[Assigned task]:
Please repeat the lines below exactly. Begin with the line containing "This image shows" and go on through the line containing "1 CABINA, 1".

[Input records]:

---+---

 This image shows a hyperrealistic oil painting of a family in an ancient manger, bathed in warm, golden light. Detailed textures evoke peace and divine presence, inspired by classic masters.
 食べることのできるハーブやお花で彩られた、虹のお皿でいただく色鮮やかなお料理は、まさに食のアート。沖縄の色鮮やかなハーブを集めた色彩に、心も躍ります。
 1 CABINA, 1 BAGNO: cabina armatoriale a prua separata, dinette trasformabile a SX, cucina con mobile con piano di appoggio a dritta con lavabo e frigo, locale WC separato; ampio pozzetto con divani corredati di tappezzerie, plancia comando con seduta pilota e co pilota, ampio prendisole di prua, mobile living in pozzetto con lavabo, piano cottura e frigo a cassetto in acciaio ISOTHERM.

---+---

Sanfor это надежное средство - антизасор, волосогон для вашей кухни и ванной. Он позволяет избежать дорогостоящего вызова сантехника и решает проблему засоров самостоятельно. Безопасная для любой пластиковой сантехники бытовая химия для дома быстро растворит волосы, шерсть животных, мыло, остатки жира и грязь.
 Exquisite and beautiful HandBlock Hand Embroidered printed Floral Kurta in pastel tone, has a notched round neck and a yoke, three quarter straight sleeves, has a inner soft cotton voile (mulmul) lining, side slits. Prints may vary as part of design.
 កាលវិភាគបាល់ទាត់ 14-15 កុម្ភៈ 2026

---+---

[Response to this exercise]:
 This image shows a hyperrealistic oil painting of a family in an ancient manger, bathed in warm, golden light. Detailed textures evoke peace and divine presence, inspired by classic masters.
 食べることのできるハーブやお花で彩られた、虹のお皿でいただく色鮮やかなお料理は、まさに食のアート。沖縄の色鮮やかなハーブを集めた色彩に、心も躍ります。
 1 CABINA, 1 BAGNO: cabina armatoriale a prua separata, dinette trasformabile a SX, cucina con mobile con piano di appoggio a dritta con lavabo e frigo, locale WC separato; ampio pozzetto con divani corredati di tappezzerie, plancia comando con seduta pilota e co pilota, ampio prendisole di prua, mobile living in pozzetto con lavabo, piano cottura e frigo a cassetto in acciaio ISOTHERM.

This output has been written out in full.